Incomplete schema inference while reading from DynamoDB table

Question

Incomplete schema inference while reading from DynamoDB table

Opened this issue 4 years ago · 3 comments

DynamoDB Table:

I am reading the above table using the following code:

spark.read
        .option("tableName", config.tableName)
        .option("region", config.ddbConfig.region)
        .format("dynamodb")
        .load()
df.show()

Result:
|s_id| created_on|p_id|
+----+-------------------+----+
| 002|2018-11-20 12:01:19| 2|
| 001|2018-11-19 12:01:19| 1|
| 006|2018-11-20 12:01:19| 6|
| 005|2018-11-19 12:01:20| 5|
| 004|2018-12-19 12:01:19| 4|
| 003|2019-11-19 12:01:19| 3|

The "num" column was missing from the df. Why did this happen? Is there any flag which I need to set to ensure complete schema inference?

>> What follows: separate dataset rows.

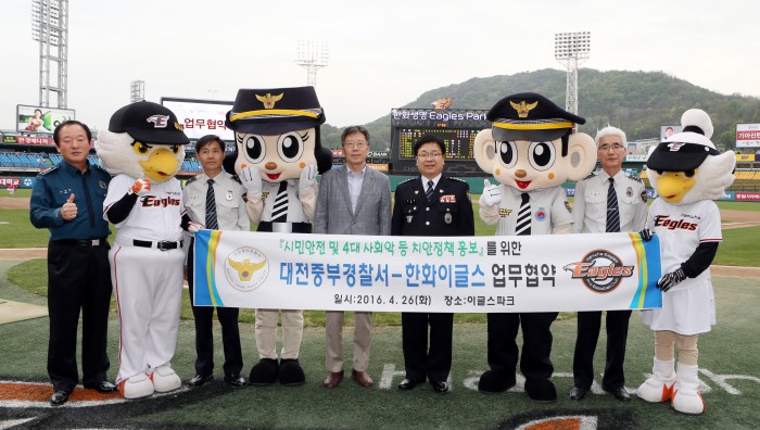한화는 대전중부경찰서와 민관협력, 지역사회 공헌을 위해 '시민안전과 4대 사회악 근절'에 뜻을 함께하기로 했다. 한화는 구장 내 전광판을 통해 '4대 사회악 근절' '응답순찰' '3초의 여유' 등 치안정책을 알린다.
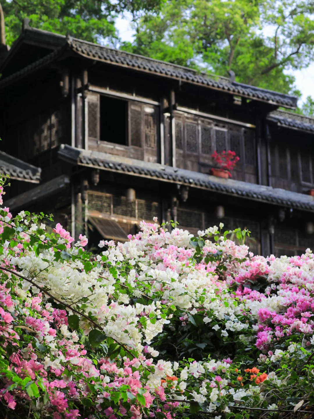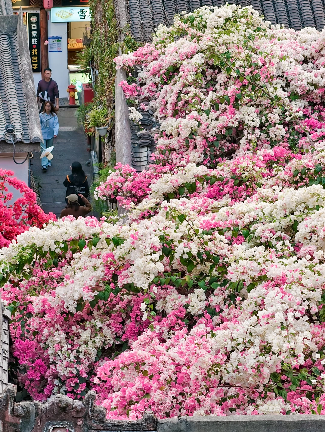 💡古镇里种了很多三角梅,有三处规模最大,是主要的拍照打卡点:
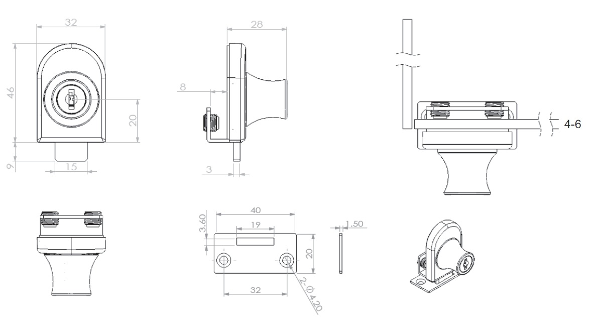 Vitrineskabslås "Fulla" til 4-6mm Glas - Sort
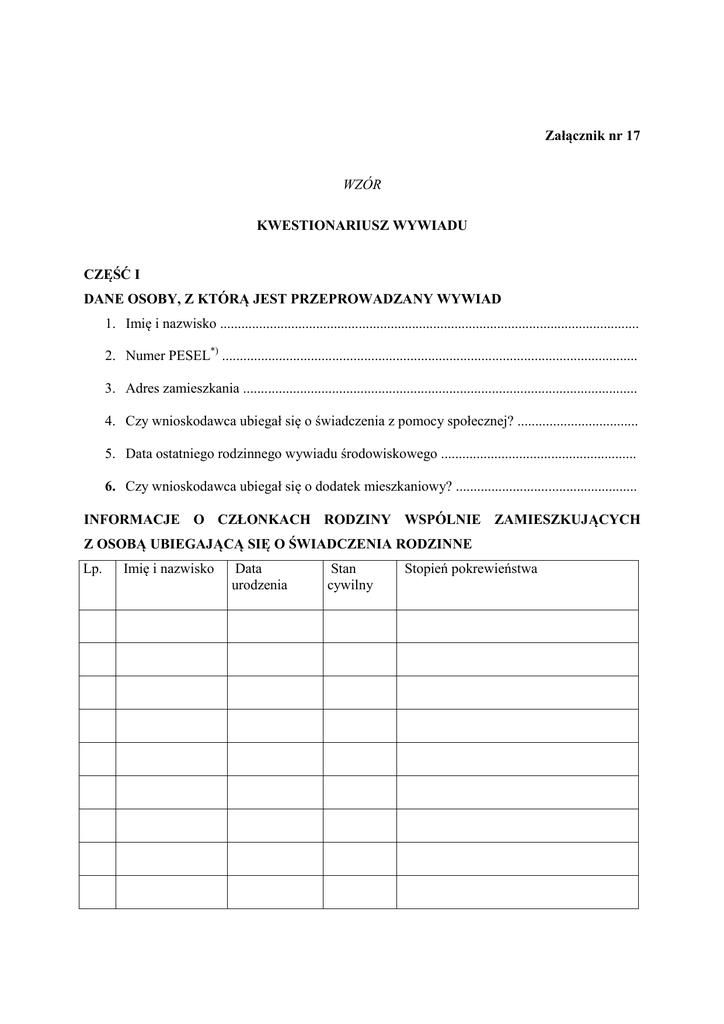 Załącznik nr 17 WZÓR KWESTIONARIUSZ WYWIADU CZĘŚĆ I DANE OSOBY, Z KTÓRĄ JEST PRZEPROWADZANY WYWIAD 1. Imię i nazwisko ...................................................................................................................... 2. Numer PESEL*) ..................................................................................................................... 3. Adres zamieszkania ............................................................................................................... 4. Czy wnioskodawca ubiegał się o świadczenia z pomocy społecznej? .................................. 5. Data ostatniego rodzinnego wywiadu środowiskowego ....................................................... 6. Czy wnioskodawca ubiegał się o dodatek mieszkaniowy? ................................................... INFORMACJE O CZŁONKACH RODZINY WSPÓLNIE ZAMIESZKUJĄCYCH Z OSOBĄ UBIEGAJĄCĄ SIĘ O ŚWIADCZENIA RODZINNE Lp. Imię i nazwisko Data urodzenia Stan cywilny Stopień pokrewieństwa _______________________________ *) W przypadku gdy nie nadano numeru PESEL, należy podać serię i numer dokumentu potwierdzającego tożsamość. CZĘŚĆ II WYWIAD Z OSOBĄ, KTÓRA UBIEGA SIĘ O ŚWIADCZENIA RODZINNE 1. Czy z Panią/Panem i z dziećmi w jednym mieszkaniu zamieszkuje ojciec/matka dzieci (powody wspólnego zamieszkiwania)? ............................................................................................................................................................ 2. Czy Pani/Pan prowadzi wspólne gospodarstwo domowe z matką/ojcem dziecka? ............................................................................................................................................................ 3. Czy drugi z rodziców łoży na utrzymanie dzieci? Proszę podać w jakim zakresie. ............................................................................................................................................................ 4. Czy Pani/Pan wystąpiła/wystąpił o zasądzenie alimentów (czy są płacone, jeżeli nie, czy wystąpiła/wystąpił Pani/Pan z wnioskiem o ich egzekucję i ściganie osoby uchylającej się od płacenia)? ............................................................................................................................................................ 5. Proszę określić formy uczestnictwa ojca/matki dziecka w procesie jego edukacji, opieki codziennej, organizacji wspólnych wyjazdów wakacyjnych, wspólnego spędzania świąt. ............................................................................................................................................................ ............................................................................................................................................................ ……..………………………………………………… (podpis osoby ubiegającej się o świadczenia rodzinne) CZĘŚĆ III WYWIAD Z NAJBLIŻSZYMI SĄSIADAMI, WYCHOWAWCAMI, OPIEKUNAMI LUB NAUCZYCIELAMI DZIECKA ORAZ INNYMI OSOBAMI, KTÓRE MOGĄ POSIADAĆ NIEZBĘDNE INFORMACJE O RODZINIE ............................................................................................................................................................ ............................................................................................................................................................ ............................................................................................................................................................ ............................................................................................................................................................ ............................................................................................................................................................ ............................................................................................................................................................ ............................................................................................................................................................ ............................................................................................................................................................ ............................................................................................................................................................ ............................................................................................................................................................ ............................................................................................................................................................ ............................................................................................................................................................ ................................................................................... (podpis osoby, z którą przeprowadzono wywiad) CZĘŚĆ IV OCENA SYTUACJI RODZINY − UWAGI I WNIOSKI OSOBY PRZEPROWADZAJĄCEJ WYWIAD ............................................................................................................................................................ ............................................................................................................................................................ ............................................................................................................................................................ ............................................................................................................................................................ ......................................................................................................

Answer 1 · 2021-02-08T13:14:10.000Z

You can pass userSchema option and your schema along with that otherwise it creates schema from the data on first page of dynamodb table.

Answer 2 · 2021-02-22T17:28:39.000Z

thanks! this helps.

This library returned an empty dataframe when I tried to read a DDB table with both range key and hash key. Is this a known behaviour?

Answer 3 · 2021-03-26T12:56:54.000Z

@siah210 you should pass schema with .schema() parameter just like you do to normal DF that would work.